- [Exercise directions]: Exact reproduction of all the data is required, with pictures excluded.

- [Records for the exercise]:
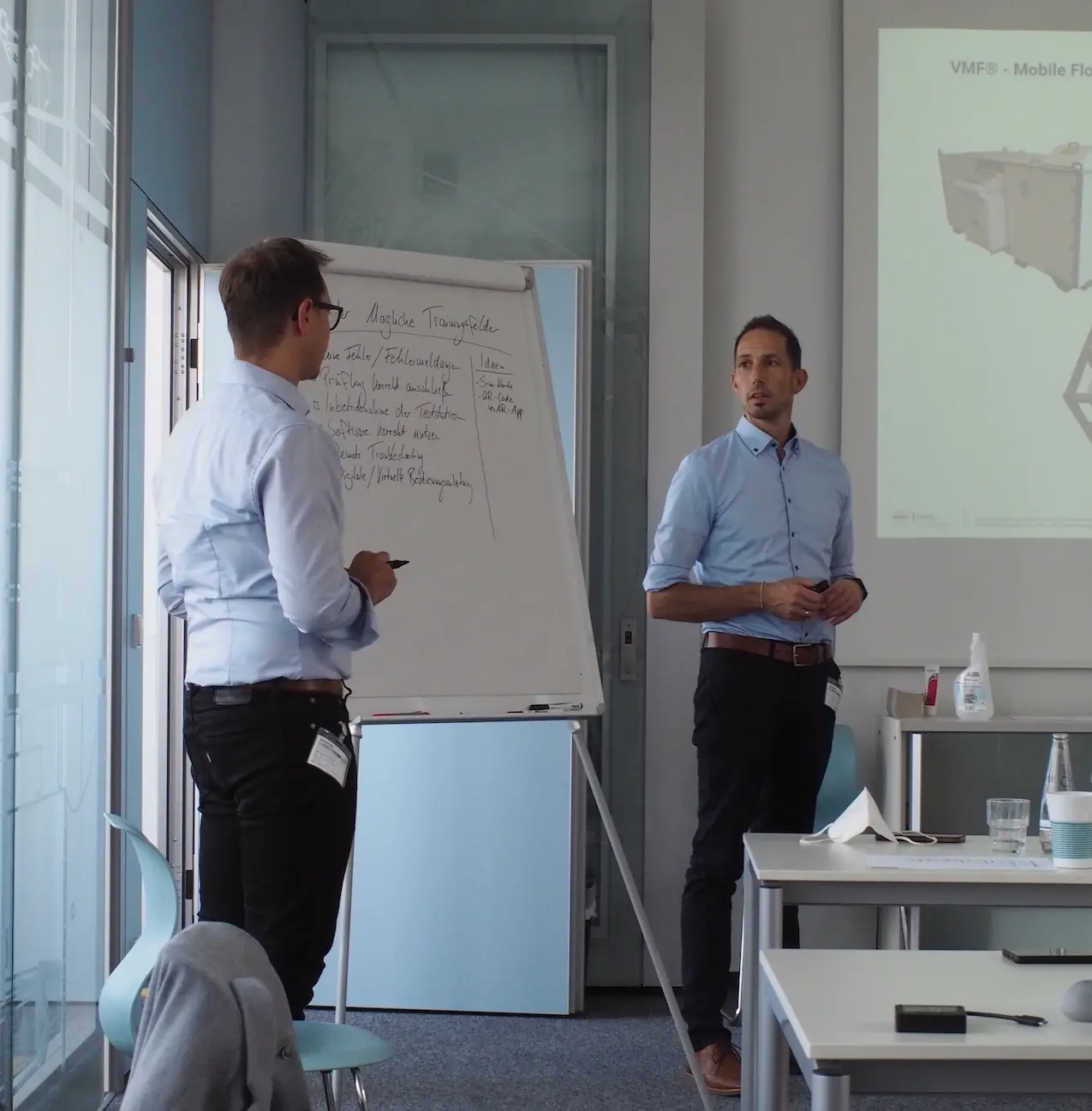 During the lunch break, the lively discussions continued and so the topic of the afternoon was already well prepared: In the consortium, we now addressed the question of which use cases from the companies are most promising for the first prototypes. All partners used this exchange to already outline very concrete challenges and first use cases. In the discussion, these were further concretized and recorded. The next steps and tasks for the on-site visits were already roughly planned and the to-do lists of the research team grew all by themselves...
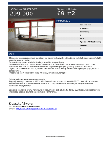 Szczecin, Bolinko LOKAL na SPRZEDAŻ 69 m2 299 000 PMR24239 299 000 PLN 4 333 PLN Secondary 4 1970 ApartmentOfficeBuilding Services 2 Opis Oferujemy na sprzedaż lokal położony na parterze budynku .Składa się z dwóch pomieszczeń, WC , dodatkowego wyjścia . Duże witryny, przez wiele lat funkcjonował tu sklep mięsny . Ogrzewanie miejskie , ciepła woda z bojlera .Prąd -do zawarcia umowa o przesył , gazu brak . Wysokość 350 cm, ściany do odświeżenia, częściowo pokryte glazurą, posadzki terakota . Czynsz do spółdzielni - 400 zł, w nim zaliczka na zimną wodę .Dodatkowe opłaty to prąd, woda i ogrzewanie . Przez wiele lat w lokalu był sklep mięsny , brak konkurencji!!!! Polecamy i zapraszamy na prezentację . Zapytaj naszego maklera o BEZPŁATNE doradztwo przy uzyskaniu KREDYTU. Współpracujemy z wieloma bankami i mamy doświadczenie w przeprowadzaniu transakcji z uwzględnieniem warunków kredytowych. Dane nie stanowią oferty handlowej w rozumieniu art. 66,§ 1 Kodeksu Cywilnego. Szczegółowych informacji udziela Biuro Nieruchomości Pomerania . Krzysztof Swora tel. 695323343; 914894242 email: [email protected] Pomerania Nieruchomości Powered by TCPDF (www.tcpdf.org)
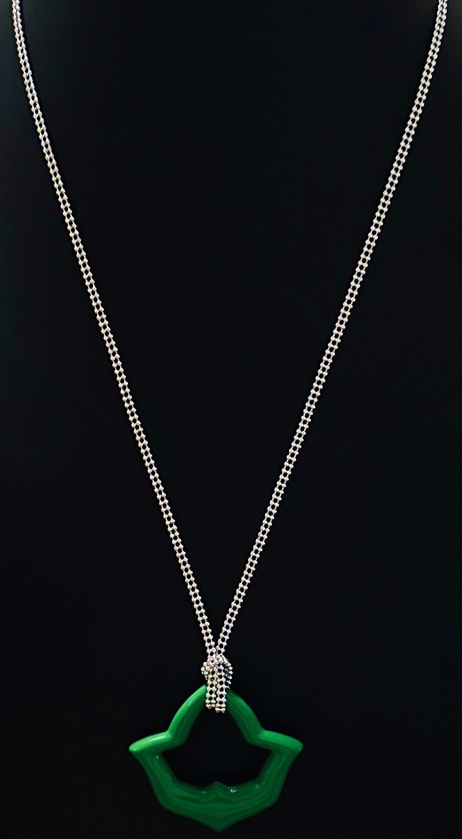 Green Porcelain Ivy Necklace with a Glossy Finish and 24 Inch chain. The Green Porcelain Ivy Charm is 2 inches tall and wide and .25 of an inch in diameter. Made of Porcelain and the Chains are Brass. Both the Gold and Silver Color Chains are included in your purchase for your versatility.
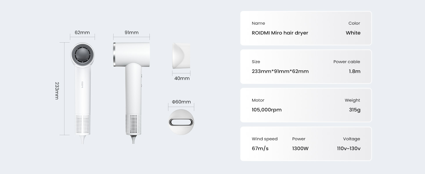 - 【Mantiene el cabello】ROIDMI Miro puede generar 21 millones de iones activos negativos de oxígeno para reducir la electricidad estática del cabello y formar una capa protectora que retiene el contenido de humedad natural del cabello, así como cuidar las raíces del cabello para un resultado suave.
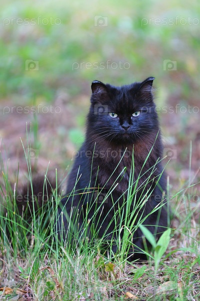 Черный кот на прогулке
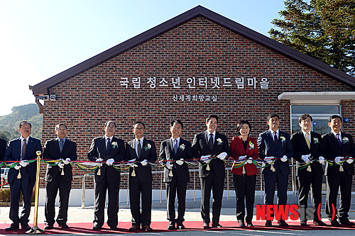 【무주=뉴시스】최동준 기자 = 27일 오후 전북 무주군 안성면 구 공진초등학교에서 국립 청소년 인터넷드림마을 개관식이 열렸다. 왼쪽 네번째부터 김군선 신세계그룹 부사장, 이형규 전북 정무부지사, 정용진 신세계그룹 부회장, 김희정 여성가족부 장관, 박민수 새정치민주연합 의원, 권승 한국청소년상담복지개발원장을 비롯한 참석자들이 기념 테이프 커팅을 하고 있다.
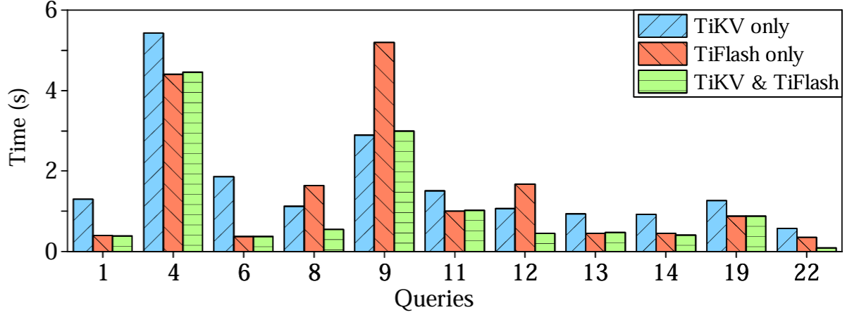 Q1, Q4, Q6, Q11, Q13, Q14, Q19 では TiFlash のみのケースの方が TiKV のみのケースよりも性能が良く、TiKV と TiFlash のケースでは TiFlash のみのケースと同じ性能が得られている。これらの 7 つのクエリーで葉理由が異なる。Q1 と Q6 は主に 1 つのテーブルに対する集約で構成されているため、TiFlash の列ストアで実行する方が時間がかからず最適な選択となる。これらの結果は過去の研究で説明されている列ストアの利点を協調している。Q4 と Q11 はそれぞれ同一の物理プランを用いて個別に実行されている。ただし、TiFlash からのデータスキャンは TiKV よりも安価であるため、TiFlash の身のケースでは実行時間が短く、これも最適な選択である。Q13, Q14, Q19 にはそれぞれ 2 回のテーブル結合が含まれており、ハッシュ結合として実装されている。TiKV のみのケースでは、ハッシュテーブルをプローブするとインデックスリーダーを最小するが、これも TiFlash からデータをスキャンするよりもコストが高くなる。
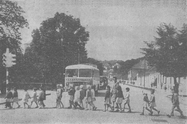 1965. Intersectia de la Ceasu Rau. Se observa cladirea Institutului Proiect. In fata ei plopi. In partea stinga a cadrului se observa un militian linga "borcanul" in care statea in post. Sursa foto: Drum Nou, ed. 27 ianuarie 1965 / Digiteca Arcanum
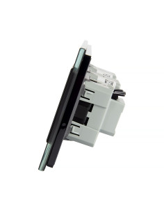 Takie rozwiązanie pozwala na kontrolę czterech niezależnych źródeł światła oraz podłączenie jednej wtyczki, a to wszystko za pomocą jednego, zintegrowanego panelu szklanego, który łączy w sobie nowoczesny design, wygodę użytkowania i funkcjonalność. Takie rozwiązanie może sprawdzić się w kuchni, łazience czy w sypialni przy łóżku - czyli wszędzie tam, gdzie potrzebny jest dostęp do światła oraz gniazdka do podłączenia różnego rodzaju sprzętów czy ładowarek. Całość mieści się w trzech puszkach elektrycznych o standardowym rozstawie lub w jednej zespolonej puszce na 3 mechanizmy. Gniazdko posiada uziemienie boczne typu Schuko, pasujące do każdej wtyczki.
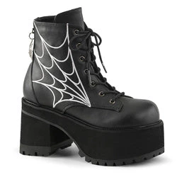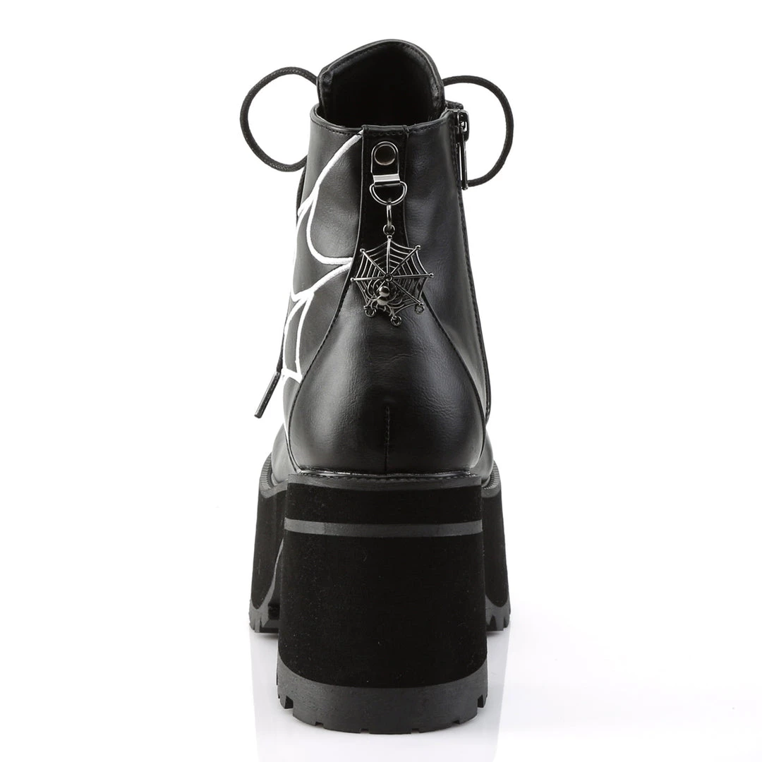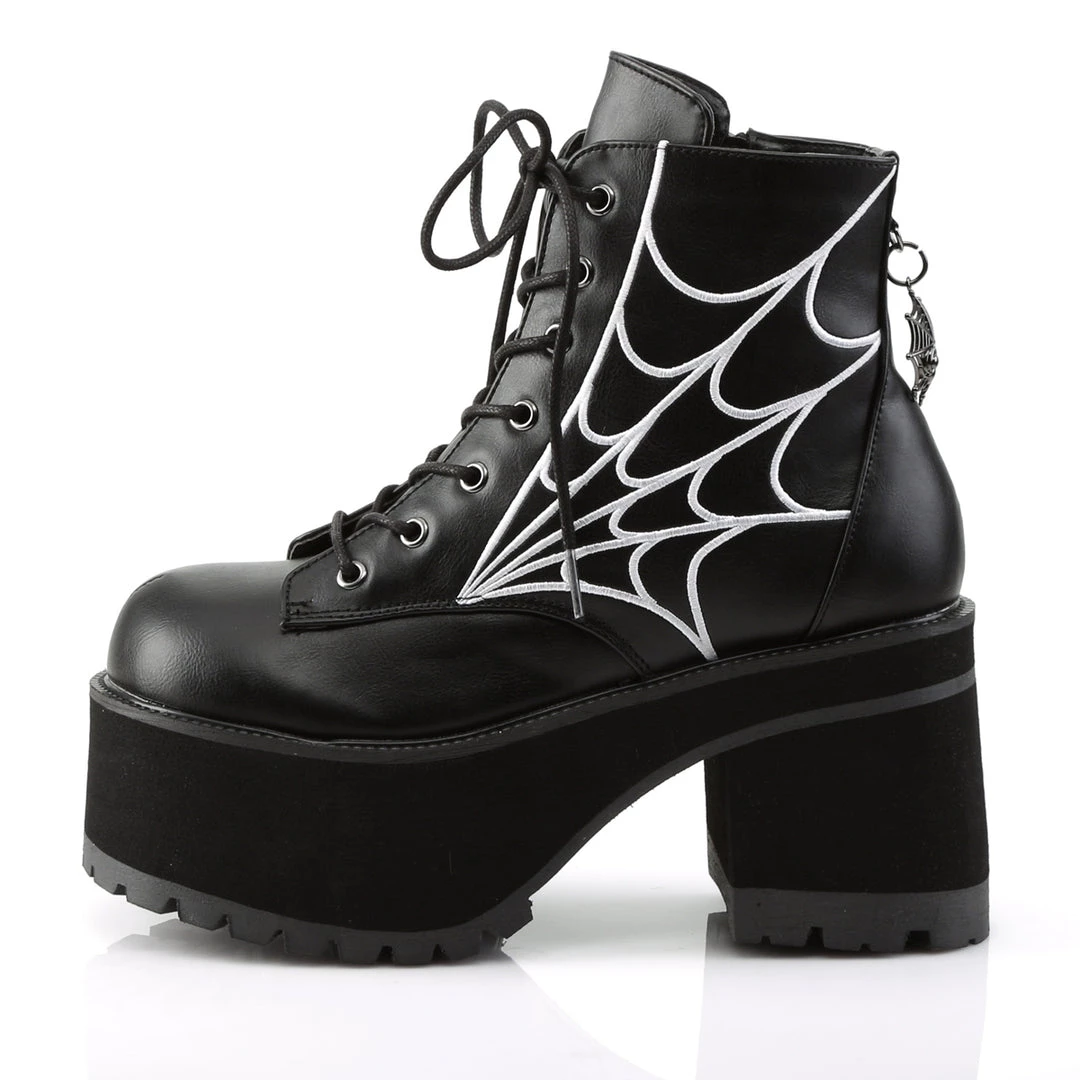 3 3/4″ (95mm) Heel, 2 1/4″ (57mm) Platform Lace-Up Front Ankle Boot with Spider Web Charm at the Back & Spider Web Embroidery Detail, Inner Side Zipper

- [Written solution]:
 During the lunch break, the lively discussions continued and so the topic of the afternoon was already well prepared: In the consortium, we now addressed the question of which use cases from the companies are most promising for the first prototypes. All partners used this exchange to already outline very concrete challenges and first use cases. In the discussion, these were further concretized and recorded. The next steps and tasks for the on-site visits were already roughly planned and the to-do lists of the research team grew all by themselves...
 Szczecin, Bolinko LOKAL na SPRZEDAŻ 69 m2 299 000 PMR24239 299 000 PLN 4 333 PLN Secondary 4 1970 ApartmentOfficeBuilding Services 2 Opis Oferujemy na sprzedaż lokal położony na parterze budynku .Składa się z dwóch pomieszczeń, WC , dodatkowego wyjścia . Duże witryny, przez wiele lat funkcjonował tu sklep mięsny . Ogrzewanie miejskie , ciepła woda z bojlera .Prąd -do zawarcia umowa o przesył , gazu brak . Wysokość 350 cm, ściany do odświeżenia, częściowo pokryte glazurą, posadzki terakota . Czynsz do spółdzielni - 400 zł, w nim zaliczka na zimną wodę .Dodatkowe opłaty to prąd, woda i ogrzewanie . Przez wiele lat w lokalu był sklep mięsny , brak konkurencji!!!! Polecamy i zapraszamy na prezentację . Zapytaj naszego maklera o BEZPŁATNE doradztwo przy uzyskaniu KREDYTU. Współpracujemy z wieloma bankami i mamy doświadczenie w przeprowadzaniu transakcji z uwzględnieniem warunków kredytowych. Dane nie stanowią oferty handlowej w rozumieniu art. 66,§ 1 Kodeksu Cywilnego. Szczegółowych informacji udziela Biuro Nieruchomości Pomerania . Krzysztof Swora tel. 695323343; 914894242 email: [email protected] Pomerania Nieruchomości Powered by TCPDF (www.tcpdf.org)
 Green Porcelain Ivy Necklace with a Glossy Finish and 24 Inch chain. The Green Porcelain Ivy Charm is 2 inches tall and wide and .25 of an inch in diameter. Made of Porcelain and the Chains are Brass. Both the Gold and Silver Color Chains are included in your purchase for your versatility.
 - 【Mantiene el cabello】ROIDMI Miro puede generar 21 millones de iones activos negativos de oxígeno para reducir la electricidad estática del cabello y formar una capa protectora que retiene el contenido de humedad natural del cabello, así como cuidar las raíces del cabello para un resultado suave.
 Черный кот на прогулке
 【무주=뉴시스】최동준 기자 = 27일 오후 전북 무주군 안성면 구 공진초등학교에서 국립 청소년 인터넷드림마을 개관식이 열렸다. 왼쪽 네번째부터 김군선 신세계그룹 부사장, 이형규 전북 정무부지사, 정용진 신세계그룹 부회장, 김희정 여성가족부 장관, 박민수 새정치민주연합 의원, 권승 한국청소년상담복지개발원장을 비롯한 참석자들이 기념 테이프 커팅을 하고 있다.
 Q1, Q4, Q6, Q11, Q13, Q14, Q19 では TiFlash のみのケースの方が TiKV のみのケースよりも性能が良く、TiKV と TiFlash のケースでは TiFlash のみのケースと同じ性能が得られている。これらの 7 つのクエリーで葉理由が異なる。Q1 と Q6 は主に 1 つのテーブルに対する集約で構成されているため、TiFlash の列ストアで実行する方が時間がかからず最適な選択となる。これらの結果は過去の研究で説明されている列ストアの利点を協調している。Q4 と Q11 はそれぞれ同一の物理プランを用いて個別に実行されている。ただし、TiFlash からのデータスキャンは TiKV よりも安価であるため、TiFlash の身のケースでは実行時間が短く、これも最適な選択である。Q13, Q14, Q19 にはそれぞれ 2 回のテーブル結合が含まれており、ハッシュ結合として実装されている。TiKV のみのケースでは、ハッシュテーブルをプローブするとインデックスリーダーを最小するが、これも TiFlash からデータをスキャンするよりもコストが高くなる。
 1965. Intersectia de la Ceasu Rau. Se observa cladirea Institutului Proiect. In fata ei plopi. In partea stinga a cadrului se observa un militian linga "borcanul" in care statea in post. Sursa foto: Drum Nou, ed. 27 ianuarie 1965 / Digiteca Arcanum
 Takie rozwiązanie pozwala na kontrolę czterech niezależnych źródeł światła oraz podłączenie jednej wtyczki, a to wszystko za pomocą jednego, zintegrowanego panelu szklanego, który łączy w sobie nowoczesny design, wygodę użytkowania i funkcjonalność. Takie rozwiązanie może sprawdzić się w kuchni, łazience czy w sypialni przy łóżku - czyli wszędzie tam, gdzie potrzebny jest dostęp do światła oraz gniazdka do podłączenia różnego rodzaju sprzętów czy ładowarek. Całość mieści się w trzech puszkach elektrycznych o standardowym rozstawie lub w jednej zespolonej puszce na 3 mechanizmy. Gniazdko posiada uziemienie boczne typu Schuko, pasujące do każdej wtyczki.
 3 3/4″ (95mm) Heel, 2 1/4″ (57mm) Platform Lace-Up Front Ankle Boot with Spider Web Charm at the Back & Spider Web Embroidery Detail, Inner Side Zipper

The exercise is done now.